Mi amigo Croft pasó unos meses en el centro de meditación Godwin Samararatne en Nilambe, es un lugar sencillo con escasos servicios a cierta distancia de la población. Una tarde se produjo una discusión entre algunos de los residentes europeos debido a un taxista que debía recogerles y llevarles de compras a la ciudad, pero que  no lo hizo. Ellos estaban allí dando vueltas culpando al  taxista, echando pestes de Sri Lanka,  quejándose de la situación, cuando Godwin apareció con su paraguas bajo el brazo y les preguntó qué pasaba. Ellos le contaron que el taxista les había dejado tirados. "Oh"- dijo Godwin. Abrió su paraguas y empezó a caminar colina abajo hacia la ciudad, un hombre de tez oscura con túnica blanca bajo un brillante disco amarillo. Al cabo de un rato, los otros le siguieron.

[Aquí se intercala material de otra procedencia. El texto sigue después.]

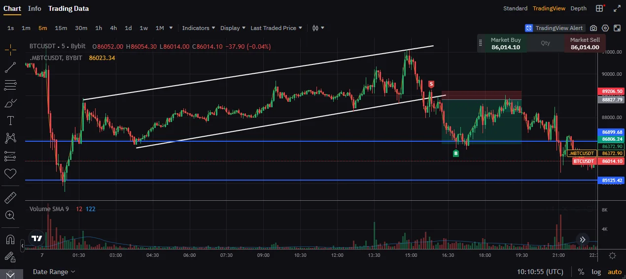 4) 손익비 1:5.34 숏 포지션 진입 후 이전 지지선에서 포지션 종료 및 수익 달성

My friend Croft once spent a few months at Godwin Samararatne's meditation center at Nilambe, a simple place with few facilities some distance from town. One afternoon an argument broke out among some of the European residents about a taxi driver who was meant to pick them up and take them shopping but didn't. They were standing around blaming the driver, blaming Sri Lanka, blaming their situation, when Godwin walked up with his umbrella under his arm and asked what the problem was. They told him how the taxi driver had let them down. "Oh", said Godwin. He openend his umbrella and began to walk down the hill to the town, a dark man in white robes under a bright yellow disc. After a while, they followed him.